The Collaboration Agreement will expire upon the expiration of the last to expire royalty payment obligation with respect to all Products in all countries, subject to earlier expiration if all option exercise periods for all Validated Target Pairs expire without AbbVie exercising any option. In addition, the research term will terminate if AbbVie does not elect to make certain platform access payments at specified points during the research term, in order for the Company to continue the target discovery activities under the collaboration. The Collaboration Agreement may be terminated by (a) either party upon the other party’s uncured material breach, or upon any insolvency event of the other party, (b) AbbVie for convenience upon a specified period prior written notice, or (c) AbbVie for the Company’s breach of representations and warranties with respect to debarment or compliance with anti-bribery and anti-corruption laws. If AbbVie has the right to terminate the Collaboration Agreement for the Company’s uncured material breach or a breach of representations and warranties with respect to debarment or compliance with anti-bribery and anti-corruption laws, AbbVie may elect to continue the Collaboration Agreement, subject to certain specified reductions applicable to certain of AbbVie’s payment obligations (with a specified floor on such reductions).

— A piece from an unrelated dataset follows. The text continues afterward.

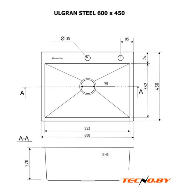 врезная на столешницу/врезная под столешницу, искусственный камень, размеры: 55x46 см, глубина чаши: 20 см, в шкаф шириной от 60 см

Whitehead Letter Agreement

On November 17, 2022, the Company entered into a Letter Agreement, or the Letter Agreement, with the Whitehead Institute of Biomedical Research, or Whitehead, which became effective on January 4, 2023 upon the satisfaction of the conditions described therein. The Letter Agreement supplements the Exclusive Patent License Agreement entered into between the Company and Whitehead on June 25, 2009 (as amended on December 17, 2009, March 21, 2013, August 21, 2017 and July 21, 2020, the License Agreement). Pursuant to the Letter Agreement, Whitehead and the Company agreed that certain payments received by the Company from the Collaborator (as defined in the Letter Agreement) (i.e., a corporate partner, as defined in the License Agreement) would be excluded from the Company’s payment obligations to Whitehead. The Company and Whitehead further agreed, among other things, that the Company will make certain payments to Whitehead (i) as Net Sales (as defined in the License Agreement) as long as the Company receives those payments from the Collaborator on a specified number of products purchased by the Collaborator and (ii) upon the achievement of certain milestones whether by the Company or the Collaborator.